The Banate of Severin or Banate of Szörény (Szörényi bánság; Banatul Severinului; Banatus Zewrinensis; Северинско банство, Severinsko banstvo; Северинска бановина, Severinska banovina) was a Hungarian political, military and administrative unit with a special role in the initially anti-Bulgarian, latterly anti-Ottoman defensive system of the medieval Kingdom of Hungary. It was founded by Prince Béla in 1228.

== Territory ==
The Banate of Severin was a march (or a border province) of the medieval Kingdom of Hungary between the Lower Danube and the Olt River (in present-day Oltenia in Romania). A charter of grant, issued on 2 June 1247 to the Knights Hospitallers, mentioned the Olt as its eastern border. The Knights received the "Land of Severin" (Terra de Zeurino), along with the nearby mountains, from Béla IV of Hungary. The king had described the same region as a "deserted and depopulated" land in a letter to Pope Gregory IX on 7 June 1238. Modern scholars assume that either the Hungarian conquest of the territory or confrontations between Bulgaria and Hungary had forced the local population to flee. Historian László Makkai says, the population began to increase by the end of the 1230s, because Béla requested the pope to appoint a bishop for Severin.

The 1247 charter of grant also mentioned that "Cumania" bordered the Land of Severin from the east. The same diploma listed two Vlach (or Romanian) political units—the kenezatus of John and Farcaș—which were subjected to the Hospitallers on this occasion. A third kenezatus, which was ruled by Voivode Litovoi, was not included in the grant, but it was left to the Vlachs "as they had held it". However, Béla gave the Hospitallers half of the royal revenues collected in Litovoi's land, with the exception of the revenues from the "Land of Hátszeg" (now Țara Hațegului in Romania). Alexandru Madgearu says, the diploma shows that Litovoi's kenezatus bordered the Land of Severin to the north, thus the banate must have only included southern Oltenia in the middle of the 13th century. The kenezatus of Voivode Seneslau, which was located to the east of the Olt, was fully excluded from the grant.
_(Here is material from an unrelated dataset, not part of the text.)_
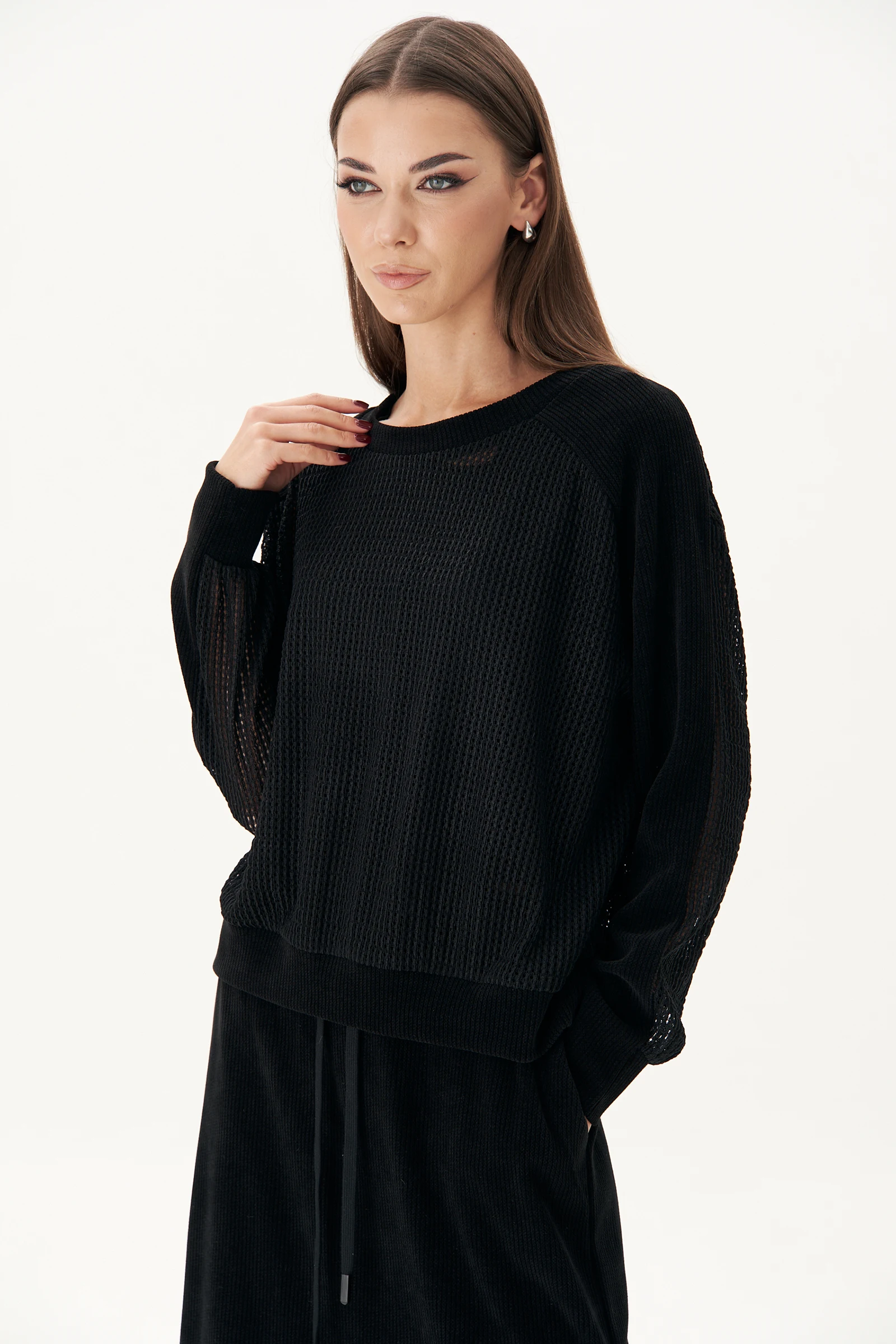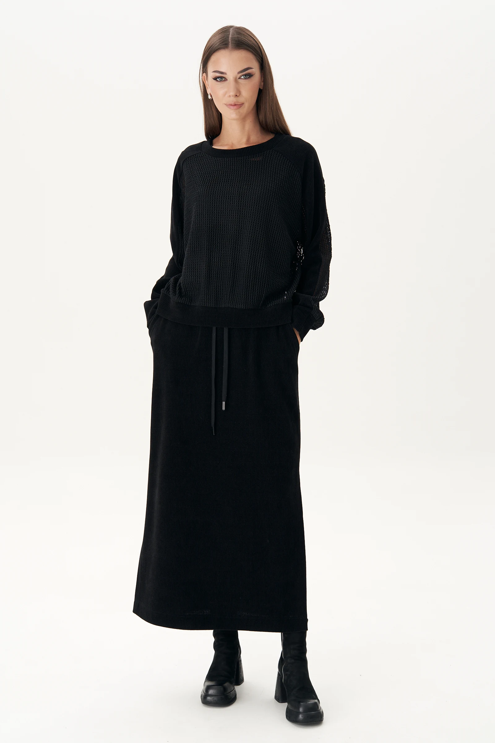 Тренд на готовый костюм с юбкой - идеальное решение для тех, кто не хочет отказываться от мягкости и уюта трикотажного полотна, а также сохраняет своё время. Такой комплект создаёт максимально тёплый, элегантный и одновременно стильный образ. Юбка макси, прямая на притачном эластичном поясе с люверсами и отделочным шнуром в кулисе, наклонными боковыми карманами и разрезом сбоку, из текстильного трикотажного полотна эффекта вельвет. Джемпер свободный, из трикотажной фактурной сетки с металлическим напылением и отделкой из текстурного трикотажа. Покрой свободный с заниженной линией плеча. Рукав с отрезной манжетой и цельнокроеным лампасом, переходящим на полочку и спинку. Манжеты, отрезной пояс низа джемпера и обтачка горловины также из отделочного трикотажа. Современный и стильный кроп-топ подчеркнет вашу модную натуру, создавая актуальный образ. Декоративная строчка добавляет изысканности и оригинальности, делая его уникальным. Длина юбки около 90 см. Длина джемпера около 62 см. Длина рукава с плечом около 74 см.

The bans initially had their seat at the fortress of Szörény (now Drobeta-Turnu Severin in Romania). After Szörény was lost in the late 13th century, the fort of Miháld (now Mehadia in Romania) was the center of the province. In addition to Miháld, the banate included Orsova (now Orșova in Romania) and the Romanian districts along the upper course of the Temes (Timiș) river.

== History ==
Kaloyan of Bulgaria occupied the region between the rivers Cerna and the Olt around 1199. The Kingdom of Hungary was also expanding southwards over the Carpathian Mountains in the early 13th century, which gave rise to conflicts between the two countries. The Cuman tribes dwelling to the east of the Olt as far as the river Siret agreed to pay a yearly tribute to the kings of Hungary in early 1227. The Hungarians captured the Bulgarian fortress of Severin during a military campaign against Bulgaria in 1231.

In 1330 the Banate was roughly conquered by Basarab I, and most of it remained in the jurisdiction of Wallachia for the next centuries.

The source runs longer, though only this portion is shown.